### RECORDS FOR PROCESSING
·····

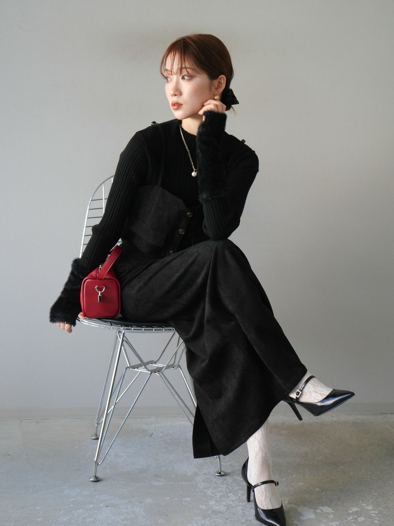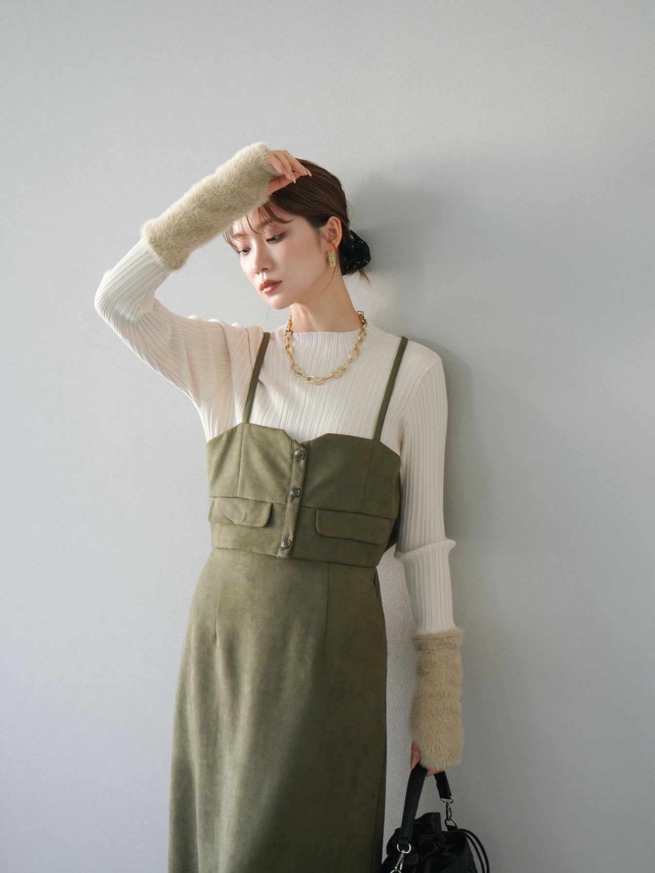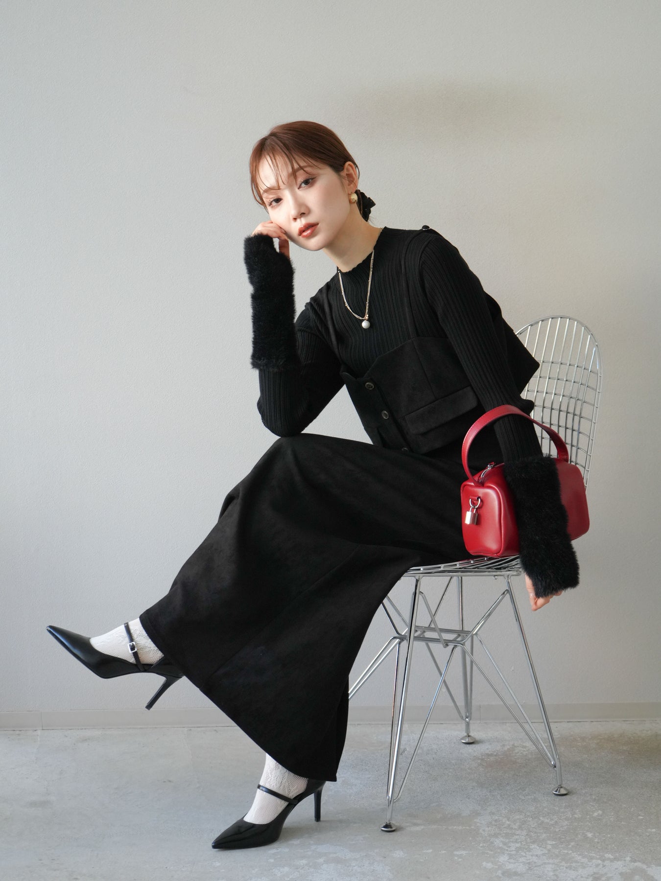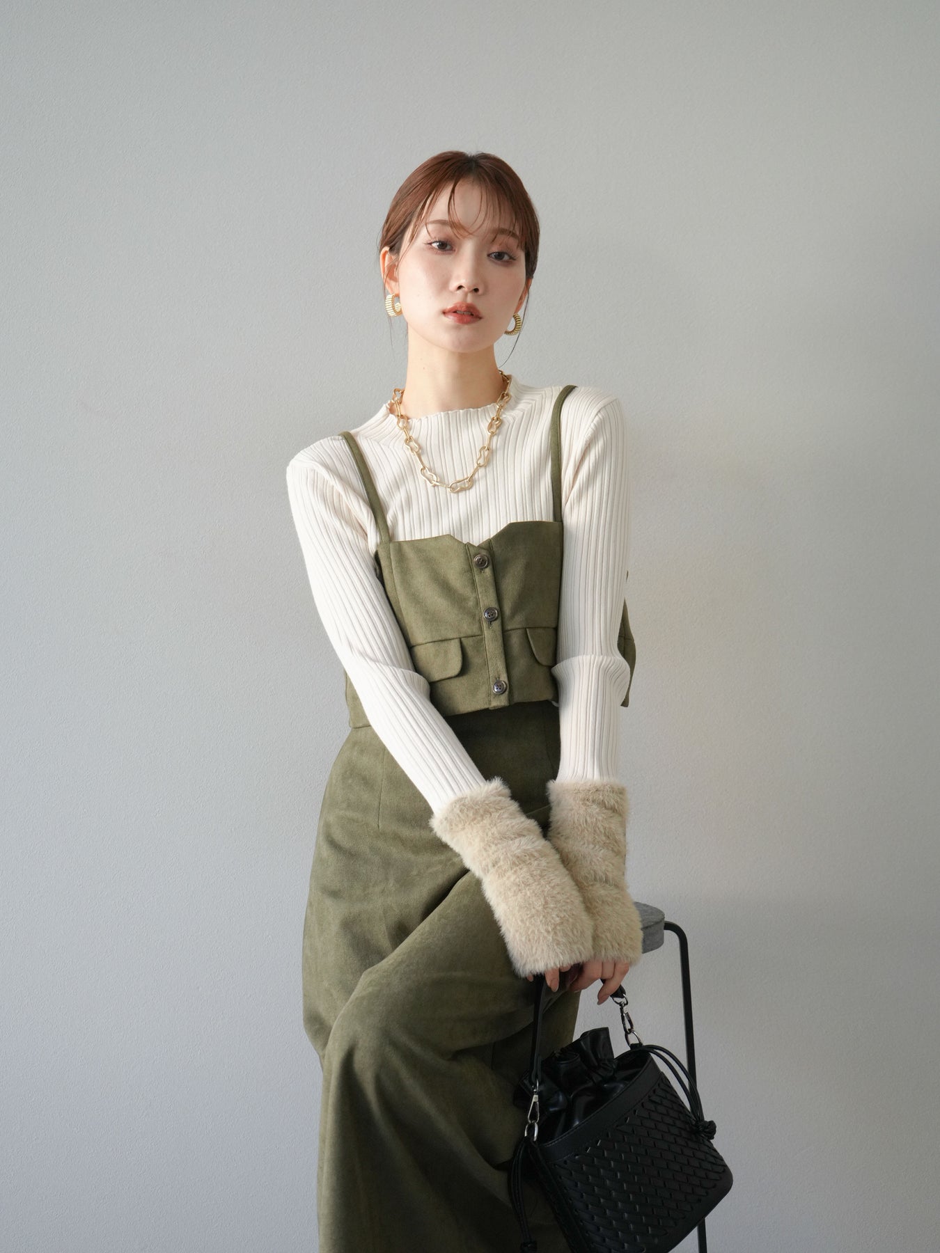 [SET]スウェードビスチェ+アームシャギーランダムリブニットトップス+スウェードIラインスカート(3set)
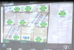 ▲凹凸のある貨物との距離を空中で一定に保ちながら飛行し、ドローンに搭載したリーダーでカメレオンコードを認識
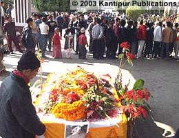 Photo caption: Hundreds of people queue to pay their last respect to popular folk singer Jhalakman Gandharva at the Royal Nepal Academy Sunday afternoon. Late singer passed away Saturday night in Kathmandu. (Online Photo : )
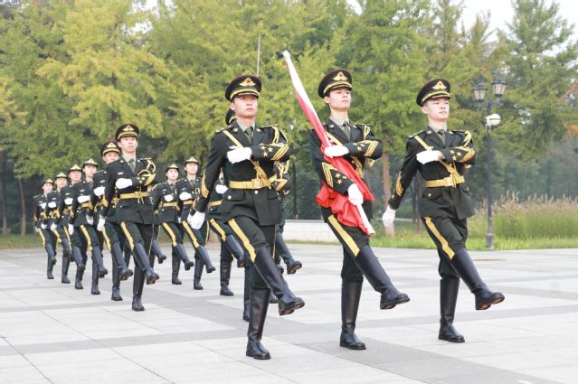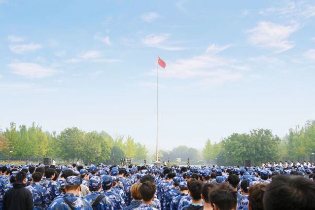 上午7时,师生整齐列队,庄严肃立。国旗护卫队迈着铿锵有力的步伐,护送国旗走向升旗台。在雄壮的《义勇军进行曲》中,五星红旗冉冉升起,迎风飘扬。全体师生注视国旗,高唱国歌,共同祝愿伟大祖国繁荣昌盛、人民幸福安康。
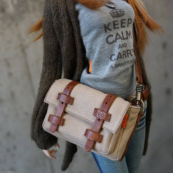 The bag has been given a slightly used look which goes well with our casual line of apparel.
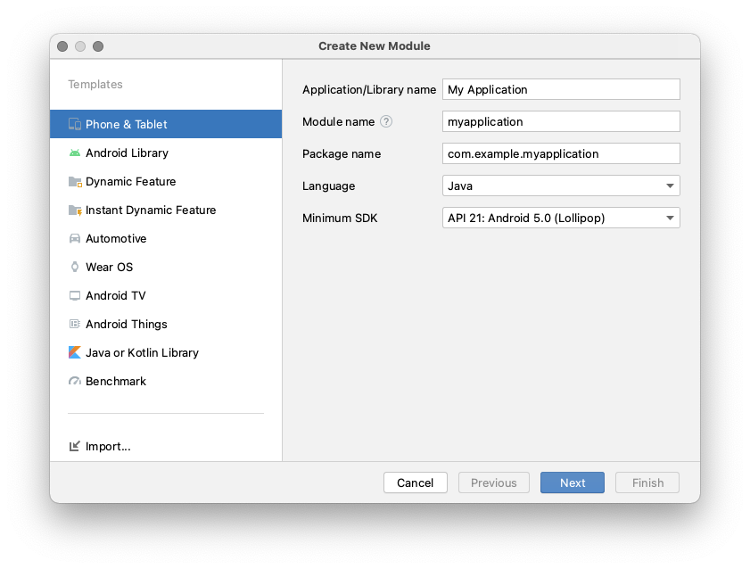 此外,我們移除了「New Module」精靈中的「Import .JAR/.AAR Package」選項。如要將 JAR 或 AAR 匯入專案,請改為使用「Project Structure」對話方塊。
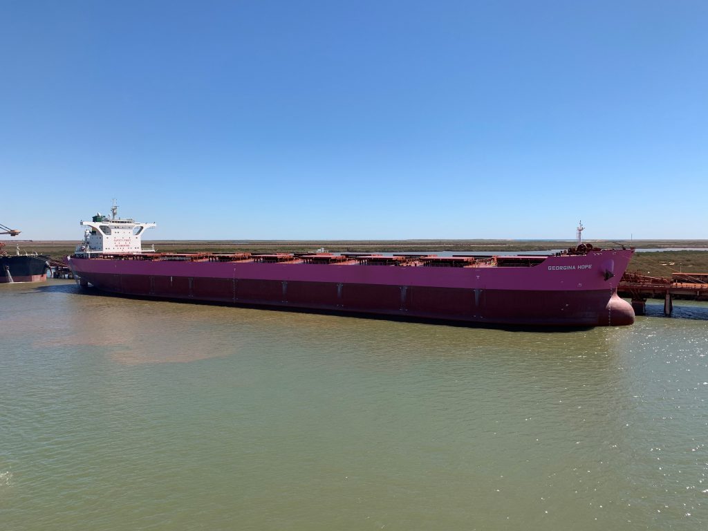 Renamed in honour of our Executive Chairman Mrs Gina Hope Rinehart, the 294-metre long vessel has also been painted an eye-catching pink in support of Mrs Rinehart’s long term commitment to breast cancer research and enabling better care, treatment and support for breast cancer patients. The vessel is owned by Hebei Ocean Shipping Co., Ltd. (HOSCO) based out of Hong Kong. Although the global COVID-19 outbreak prevented us from celebrating in the usual manner, a special water display will be carried out during the vessel’s inbound passage to mark her safe arrival.
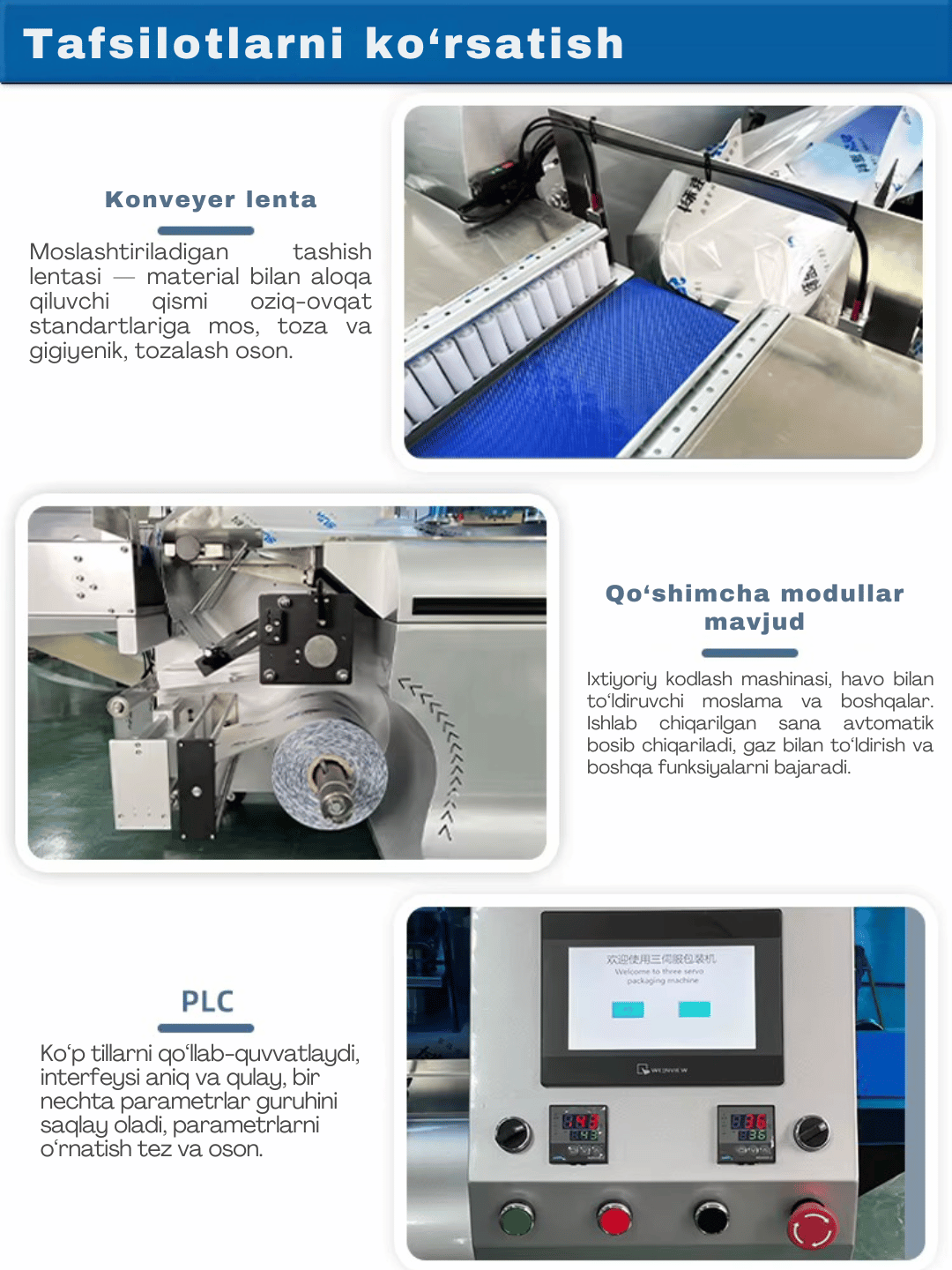 US-UX60 is an industrial horizontal flow pack machine with a film width of up to 600 mm. It’s built to pack large biscuit sets, chocolate bars, multi-layer sandwiches, thick wafers, and other heavy or bulky products 💨 quickly and precisely.

·····

### TASK STATEMENT
Can the lines from the one with "此外,我們移除了「New Module」精靈中的「Import .JAR/.AAR" to the end of the records above be quoted exactly, both ends included, with every picture omitted?

### EXERCISE ANSWER
 此外,我們移除了「New Module」精靈中的「Import .JAR/.AAR Package」選項。如要將 JAR 或 AAR 匯入專案,請改為使用「Project Structure」對話方塊。
 Renamed in honour of our Executive Chairman Mrs Gina Hope Rinehart, the 294-metre long vessel has also been painted an eye-catching pink in support of Mrs Rinehart’s long term commitment to breast cancer research and enabling better care, treatment and support for breast cancer patients. The vessel is owned by Hebei Ocean Shipping Co., Ltd. (HOSCO) based out of Hong Kong. Although the global COVID-19 outbreak prevented us from celebrating in the usual manner, a special water display will be carried out during the vessel’s inbound passage to mark her safe arrival.
 US-UX60 is an industrial horizontal flow pack machine with a film width of up to 600 mm. It’s built to pack large biscuit sets, chocolate bars, multi-layer sandwiches, thick wafers, and other heavy or bulky products 💨 quickly and precisely.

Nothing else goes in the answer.